As the eight people noticed Rosangelica approaching, they turned to greet the pair. Stark shook hands at once with Jarum Ahwaz, who now sported a well-trained handlebar moustache and a powdering of gray hair since the last time Stark had seen him in Atlanta. Jarum was a Palestinian from the Pan-Islam Virological Institute and had been a frequent advisor to the Doctors Without Borders Commission, a group that the CDC’s Cen
tral Command worked with closely. “Dr. Stark,” Ahwaz said in English, “I regret no time for poker in this outbreak. It’s a very bad one.”
Stark assured Ahwaz that, if possible, they would find time to relieve the Palestinian of his cash.
The other face Stark knew was precious to him, one with which he identified the most gruesome moments of his life. Dr. Isabel Khushub from Pakistan.
“What did you say?” Rosangelica asked.
Stark had muttered his thought aloud. What a relief.

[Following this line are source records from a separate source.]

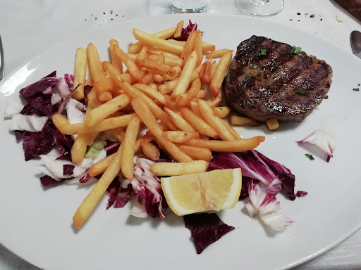 Read moreSanno cucinare bene carne e pesce. Porzioni abbondanti. Per i primi, quantità da camionisti e scelta limitata al tipo di pasta con carne, pesce o verdure (non ci sono risotti per esempio). Secondi e insalatone belli abbondanti. Ti portano sempre pizza e schiacciata (buone!) insieme a prosecco o ginger per aperitivo (molto apprezzato!). Pizze buone e sottili come piacciono a me e...inaspettatamente ovali. Quando c'è tanta gente è capitato quasi sempre qualche errore nell'ordinazione, ma rimediano subito portando cibo in aggiunta (non sostituendo per esempio la verdura sbagliata). Che però mi sembra un po' uno spreco se poi non c'è qualcuno a tavola che si "sacrifica" e fa fuori anche quello che è arrivato in più. Mi sembra che ci rimettano un po' anche loro così, però sicuramente il cliente poi è difficile che...
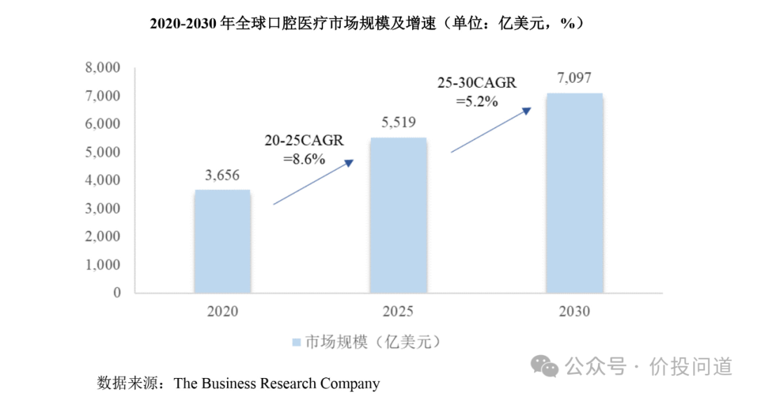 2020年全球口腔医疗市场规模达到 3,656 亿美元。随着老龄化进程加速,预计 2020年-2025年全球口腔医疗市场将以 8.6%的复合增速增长,至2025年全球市场规模将达到约 5,519 亿美元;伴随齿科美容需求的不断上升、民营口腔诊所的日益普及和口腔技术的进步,预计 2025年-2030 年全球口腔医疗市场将以 5.2%的复合增速增长,至2030年全球市场规模将达到约 7,097亿美元。
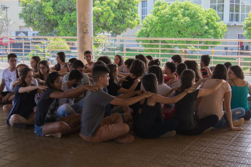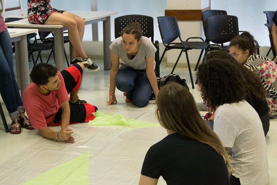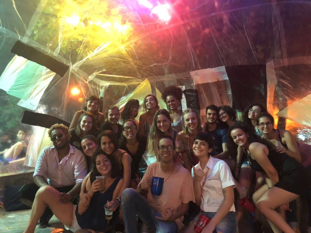 Para começar, propusemos uma atividade de aproximação dos participantes da turma, já que estavam estabelecendo os primeiros contatos naquele momento. Deixamos que o corpo e a arquitetura fossem experimentados nessa interação. Logo após, demos início à construção do inflável, previamente projetado por nós e finalizado pelos novates.
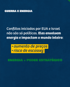 No caso da energia, o conflito reacende um debate que nunca deveria ser minimizado: segurança e soberania energética. E nesse campo, improviso é sinônimo de fracasso. Segurança e soberania energética exigem visão de longo prazo, planejamento e investimento. Deve ser política de Estado. E o Brasil já esteve bem mais próximo desse objetivo.
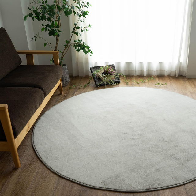 ラウンド型の円形ラグは、リビングに敷くだけでなく、
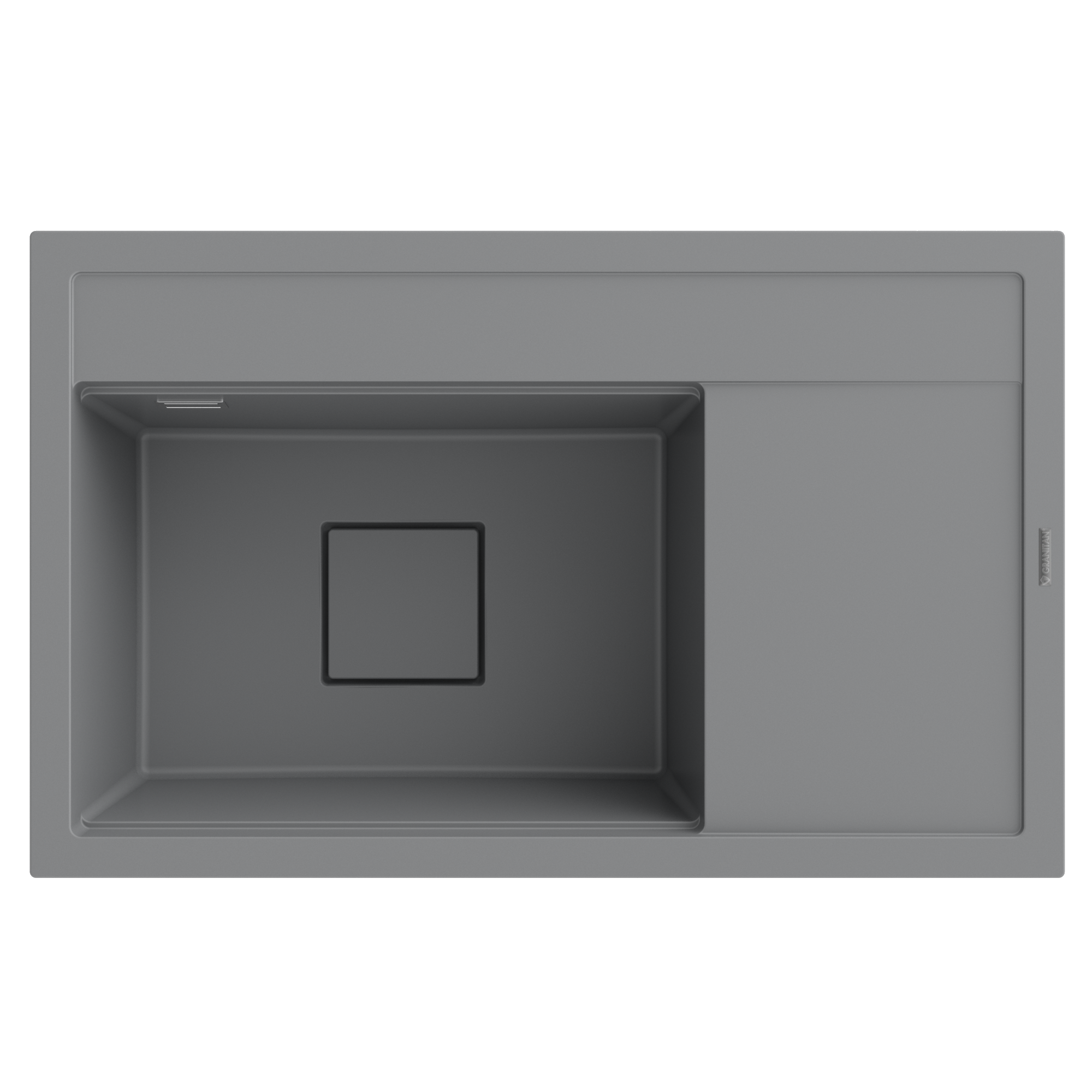 Rendo este o chiuvetă modernă din granit cu scurgător, a cărei suprafață este completată de un capac de design pentru scurgere.
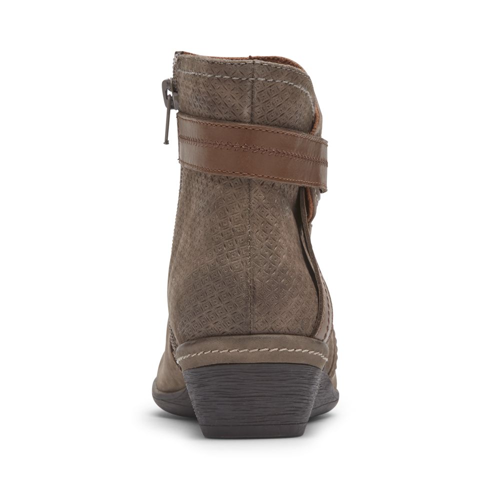 Taking booties in a new direction… the Devyn has an angled wraparound strap, ruching on the front, perforations at the back. An antiqued effect on the leather adds an artisan touch, and the low heel gives just the right amount of lift. Together these design details bring a cool attitude to a low ankle boot style, perfect for walks around town, a casual office, or coffee meet-ups.
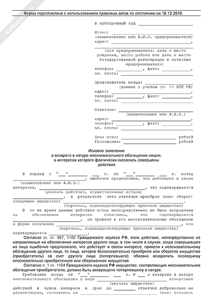 - 1603Исковое заявление в арбитражный суд лица, ошибочно полагавшего, что действует в своем интересе, о возврате стоимости имущества, составившего неосновательное обогащение лица, в интересах которого фактически оказались совершены действия
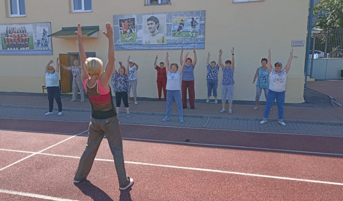 На стадионе «Локомотив» прошла уже ставшая традиционной зарядка с элементами дыхательной и суставной гимнастики, танцетерапии. Заряд бодрости и позитива всем участникам был обеспечен!
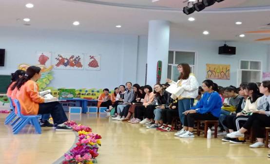 在校外老师的指导下,老师们就本次活动与同学们进行研讨交流,授课教师对自己的课程进行了讲解与反思。指导教师进行了全面的点评,同学们对老师的互动给予了热烈的掌声。通过本次活动的学习,同学们深入了解了绘本,为以后的学习和教学奠定了基础。
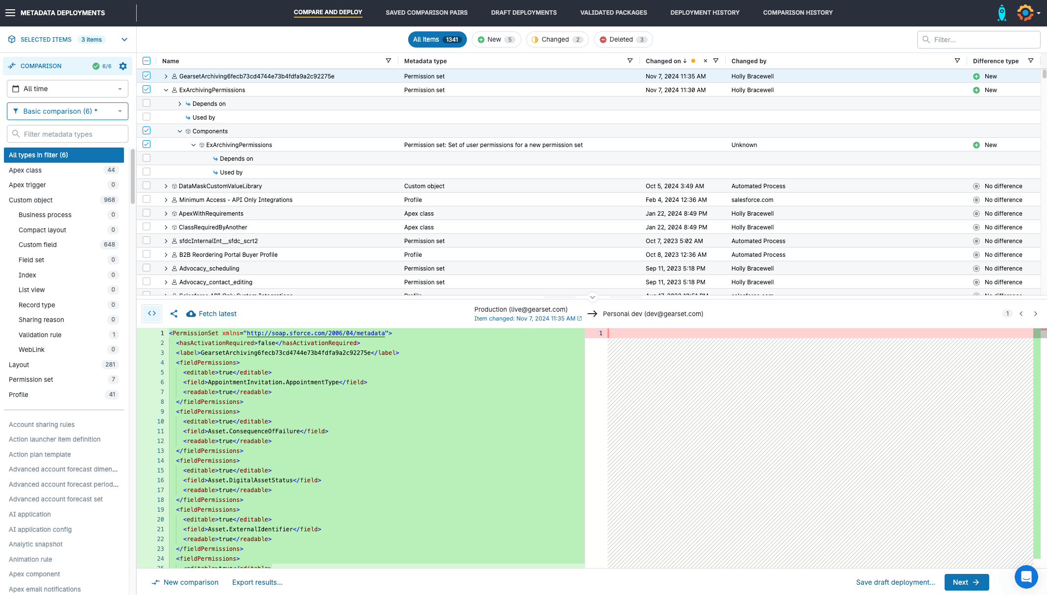 If your team has been following the right development process, the source of truth should have the ‘correct’ version of this metadata, but be sure to check that there isn’t any development work in the lower environment that hasn’t been deployed yet. Gearset’s filters in the Changed on column will help you identify the most recent work.
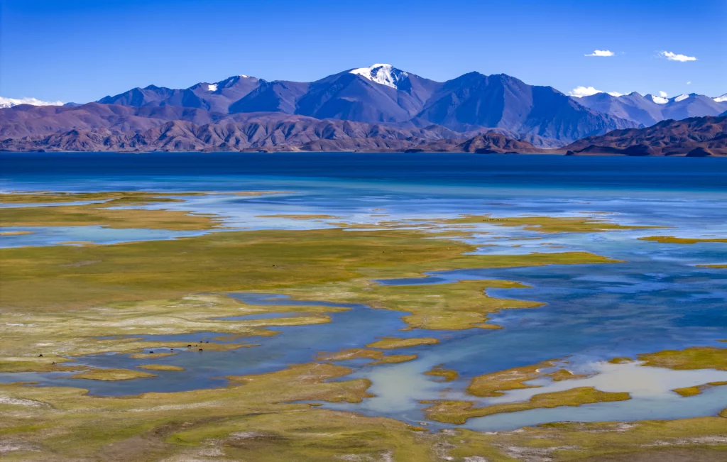 班公湖位於西藏阿里地區日土縣西部,湖面平均海拔4200米。它的奇特之處在於,由東向西水中含鹽量遞增,湖水在陽光下呈現墨綠、淡綠和深藍等不同的顏色。這裡碧波蕩漾,水草豐美,是名副其實的西陲明珠。
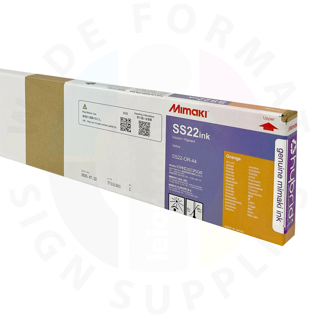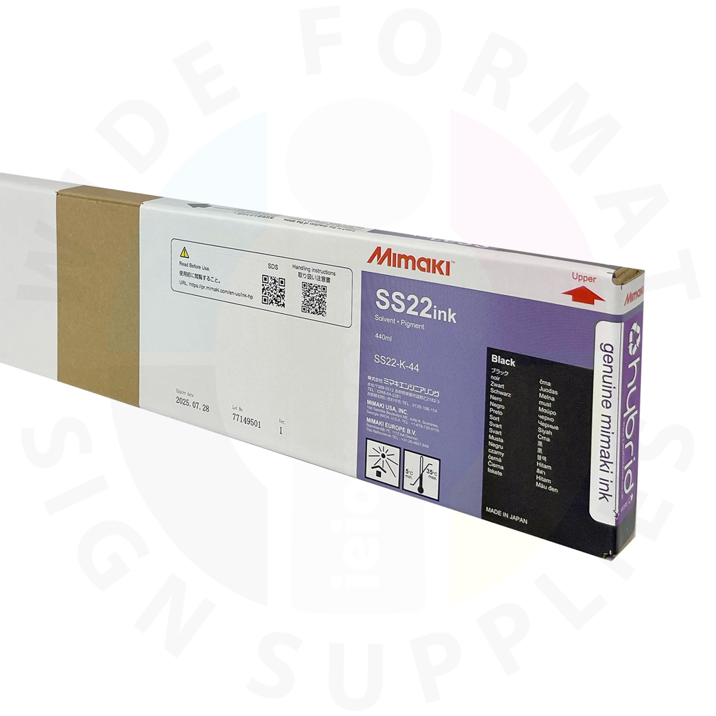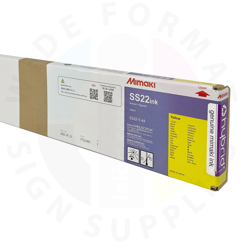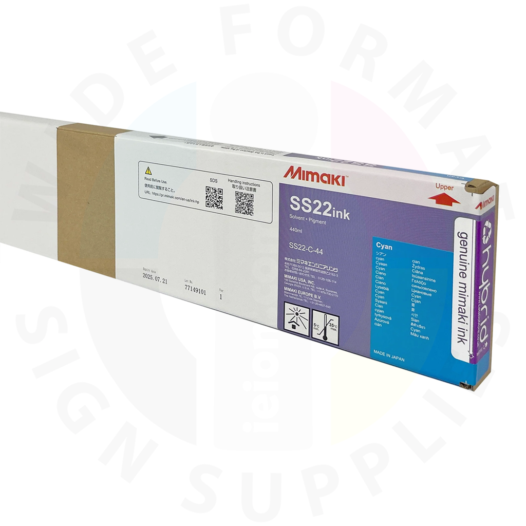 The Mimaki SS22 440ml Eco-Solvent Ink Cartridge is a high-performance ink solution designed for wide-format printing. Engineered for vivid color output and long-lasting durability, SS22 inks are ideal for both indoor and outdoor signage. These inks are GBL-free, making them safer for operators and more environmentally friendly, while maintaining the fast-drying and weather-resistant qualities of their predecessor, SS21.
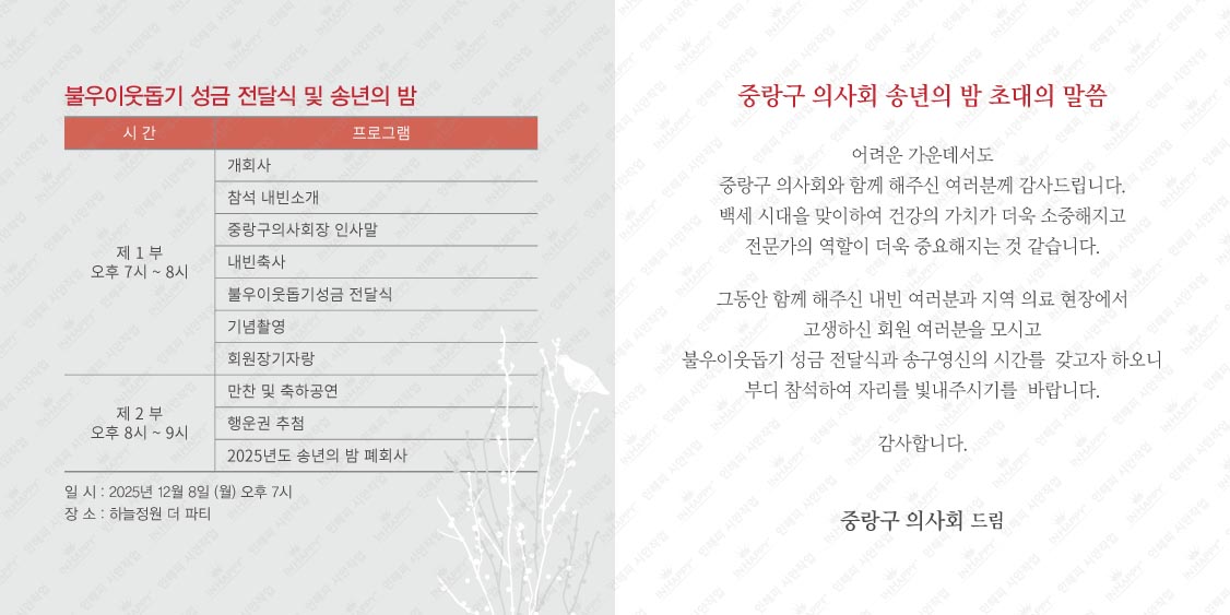 중랑구 의사회 송년의 밤 초대의 말씀
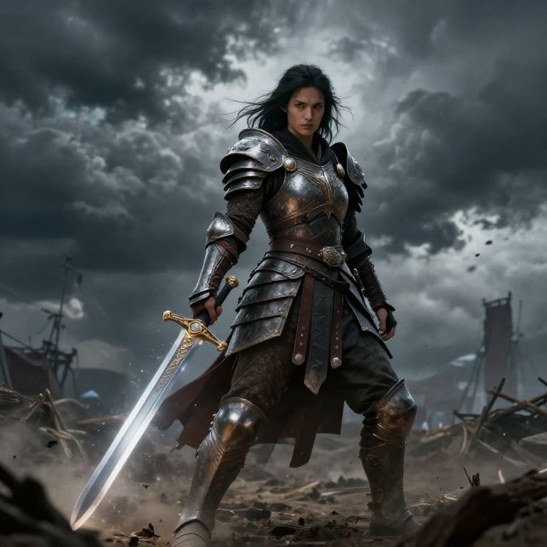 Tali, a warrior in ancient armor wielding a glowing sword, standing on a battlefield under a dramatic stormy sky, intense atmosphere, epic fantasy style, intricate detailing on armor and weapon.
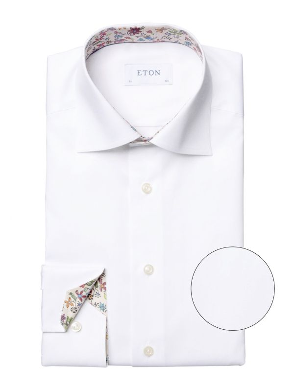 Elevate your formal essentials with the Eton floral trim shirt. Expertly tailored to a slim fit and crafted in the label's signature twill cotton, the white shirt offers a contoured silhouette and exceptional drape and lustre. Featuring a spread collar, adjustable cuffs, French placket and pearlescent buttons, whilst the floral linings add a subtle flamboyant detail synonymous with the Swedish shirtmakers.
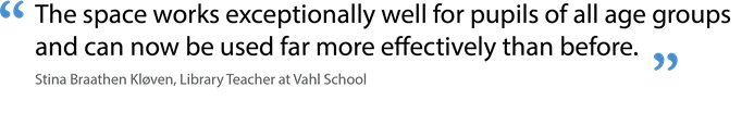”We held a drawing competition where pupils developed solutions filled with ideas and strong engagement. We received long wish lists for a ‘dream library’, many of which were incorporated into the final layout. For example, the pupils wanted more colour in the library and far more places to sit, relax, and read. We hardly had that before – and I missed it too. This has been crucial to how well the space functions today.”
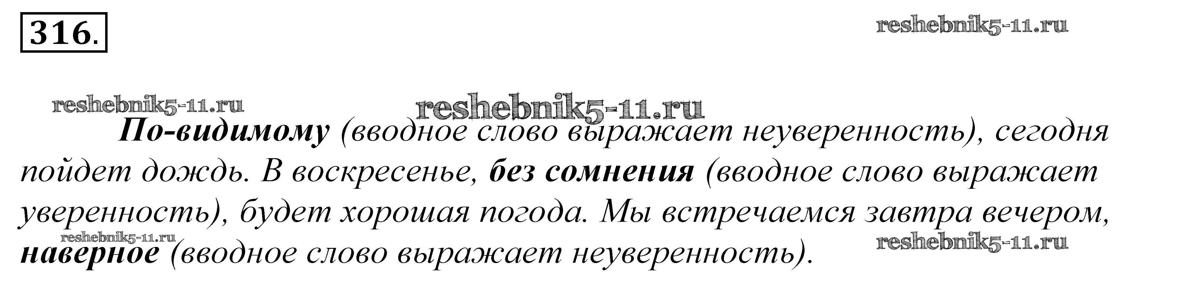 Готовая домашняя работа с ответами по Русскому языку за 5 класс Купалова, Еремеева, Лидман-Орлова Учебник Дрофа 2015 ФГОС - Упражнения 316
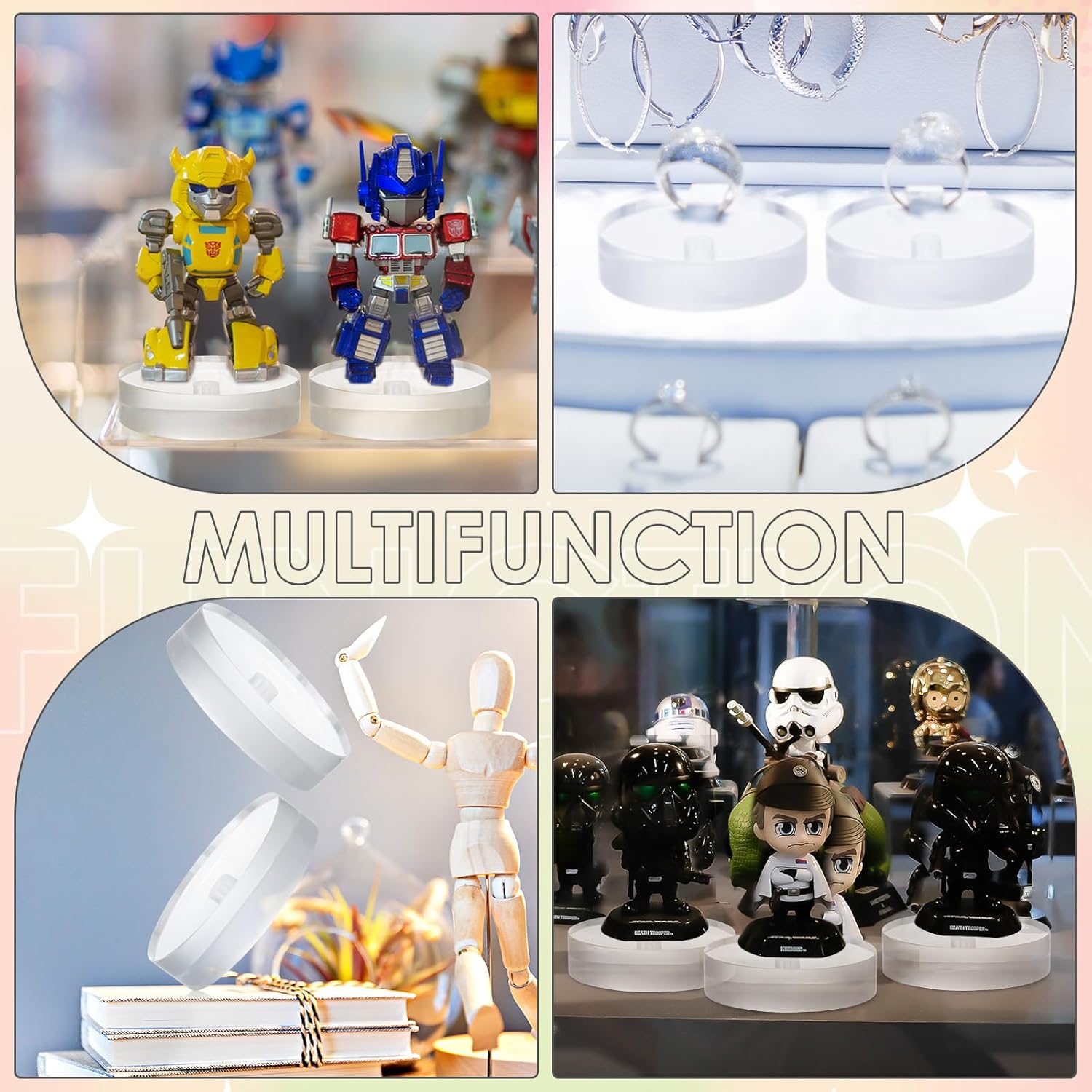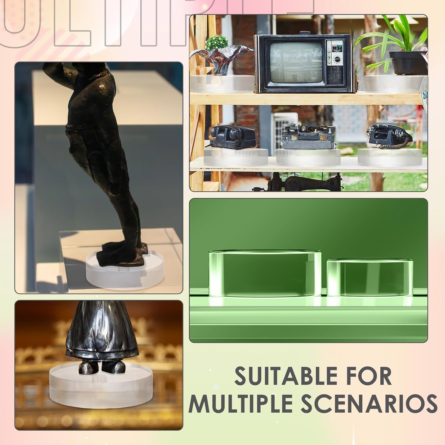 Features: Our acrylic base stands are versatile and can display a variety of items, including collectibles, jewelry, artifacts, souvenirs, toys, figurines, antiques, dolls, trophies, etc. The transparent nature of the acrylic block creates a floating effect for your favorite items, making your collections or crafts stand out Specifications: Material: acrylic Color: clear Size: about 5 x 5 x 2.5 cm/ 4 x 4 x 1 inch/10 x 10 x 2.5 cm Package includes: 8 x Acrylic jewelry block Notes: Manual measurement, please allow slight errors on size. The color may exist a slight difference due to different screen displays. Pointed parts included, please ensure that little people use them under the supervision of adults.

Stark had worked with Isabel in the old days when he was with Special Pathogens, and Isabel was a viral pathologist for Mexico’s National Institute—back when she was known as Dr. Isabel Fuente Niebla. Circumstances—or astrological phenomena, according to her—constantly threw Stark and Isabel together, outbreak after outbreak; but he hadn’t seen Isabel for over a year, not since the Imhotep Outbreak in Cairo. Quashing the smallpox epidemic had earned Isabel Khushub an impressive book deal in the virus’s wake, and reading her book had made him feel close to her—though he was in Wisconsin and she, Punjab. But here she was, not the compassionate mind behind a well-written book, but Isabel herself, with all her glorious contradictions—her blown-glass elegance, filthy mouth, cutting mind, and maddening superstitions.
Isabel was speaking with one of the men in a Holy Renaissance suit. Stark strode toward her. “Dr. Khushub,” he said loudly. “I finally read The Mummy’s Curse last winter. We’ll have to confer about your portrayal of me.”
Isabel turned to face Stark. The bulky antiviral suit and aquarium helmet couldn’t conceal the woman’s polish. Briefly, she lifted her arms akimbo, as if to catch Stark, or embrace him, perhaps, then folded them across her chest again. She was looking at him, she recognized him, but Isabel’s eyes guttered and went dead. “I thought I knew you well enough,” she said, in an even voice, devoid of humor, “to paint an accurate picture, Dr. Stark.”